The representation of information across different media with different features is indeed crucial. Specifically printing the URL in parentheses after the text is a popular approach, but distracting for longer URLs. Another approach is defining a footnote. Any more sophisticated adjustments of text (“at doc.rust-lang.org” versus “on page 32”) requires advanced Natural Language Processing for a multitude of languages.
“A current status on finl”
-
Regarding the roadmap, the focus on gftopdf seems to indicate that Don is focused on the Metafont stack. This neglects all the advances in the field of modern typography such as the OpenType standard. I am also curious about the details of
finl-math
. The notation for mathematical typesetting and its integration is crucial and I wonder how it is meant to work with MathML stacks. -
“There will be non-Turing complete macros available to document authors, but any more sophisticated handling will be done through extensions written in Python.” Oh, that’s new.
“Building a trie in Rust—optimizations”
Thank you for the interesting article!
“Revised definition of commands/environments”
-
“A single non-letter is defined to include symbols which may be represented by multiple code points but a single output grapheme”. I think this matches the notion of grapheme cluster.
-
The parameter formats seem complex, but sticking to xparse seems like a viable approach
“Time spent digging through unicode categories”
Some of the basic stuff, what I’m using in finl, is ok: letters are correctly identified and classed and marks are mostly ok (although it’s not clear why in some scripts derived from Brahmi, vowels are treated as spacing marks and in others they’re letters). Perhaps if I knew a bit more about the alphabets I could make sense of them.
Indeed, typesetting always needs to know which typing system and language is currently typeset.
A brief look at the crates
finl_charsub
The idea of finl-charsub 1.0 is to provide an API which allows to apply character substitution efficiently.
use finl_charsub::charsub::CharSubMachine;
fn main() {
let mut char_sub_machine = CharSubMachine::new();
char_sub_machine.add_substitution("incomplete", "X");
assert_eq!("This is ", char_sub_machine.process("This is incomplet"));
assert_eq!("incomplet", char_sub_machine.flush());
}
I think the API is neat even though it maintains state in the output routine (hence the flush
instruction).
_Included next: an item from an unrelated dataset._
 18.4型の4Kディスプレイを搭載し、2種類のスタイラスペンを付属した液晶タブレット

I also appreciate its proper error handling. It could be generalized to non-UTF-8 text. It is awkward though to print arbitrary debug information to stdout as part of a library.
finl_unicode
finl_unicode
1.1 provides functionalities for character categories straight from the Unicode standard as well as some grapheme clustering algorithm:
use finl_unicode::categories::CharacterCategories;
use finl_unicode::grapheme_clusters::Graphemes;
fn main() {
println!("is currency? {}", '€'.is_symbol_currency());
for grapheme in Graphemes::new("👪") {
println!("grapheme: '{}'", grapheme);
}
}
I appreciate the benchmark results provided and the readability of the source code. Assuming everything is functionally correct, this implementation is very handy.
Conclusion
Remarks on other blog posts
On “Stupid Mac tricks”: This is a trivial feature considering the kernel (due to support of inotify/FSEvents) recognizes which paths change and which file descriptors are open.
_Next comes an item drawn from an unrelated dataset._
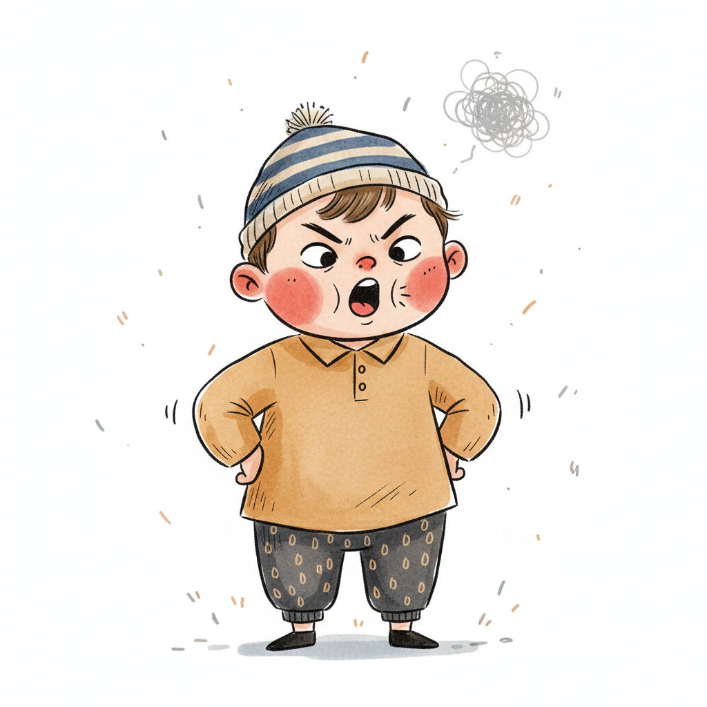 Wütender Junge mit Mütze und einen unzufriedenen Gesichtsausdruck.

On “First impressions on Rust”: The book “The Rust Programming Language” has a very mature state. I am happy to see that it helped Don.
Conclusion on finl
finl seems to strive for a set of desirable properties, but neglects some important fields. If one designs a new markup language… what about syntax highlighting? What about language servers support? What about integration with other data serialization formats like XML, TOML, CSV, and YAML? If fonts are supposed to be supported… which formats like WOFF/TrueType/OpenType will be supported? How does one close the gap between print (yeah sure, the font specification can be arbitrary and needs to be compiled into a representation PDF is happy with) and web (OpenType or WOFF it is)? How does one influence the shaping algorithm to substitute certain sequences or characters because the available font is known to produce bad results? What is the box model or in general how are document element layouts specified? What are the interlanguage approaches towards topics like hyphenation and line breaking?
I appreciate the efforts by Don, but digital typesetting is not an easy field. Many different standards come together and software needs to integrate neatly with existing software stacks. It took Don Knuth 10 years and he defined many standards on his own because of a lack of existing ones. These days the required effort is much higher.
In short, I don’t think finl
will play any role within the next 10 years of digital typesetting, because the design is premature and progress slow.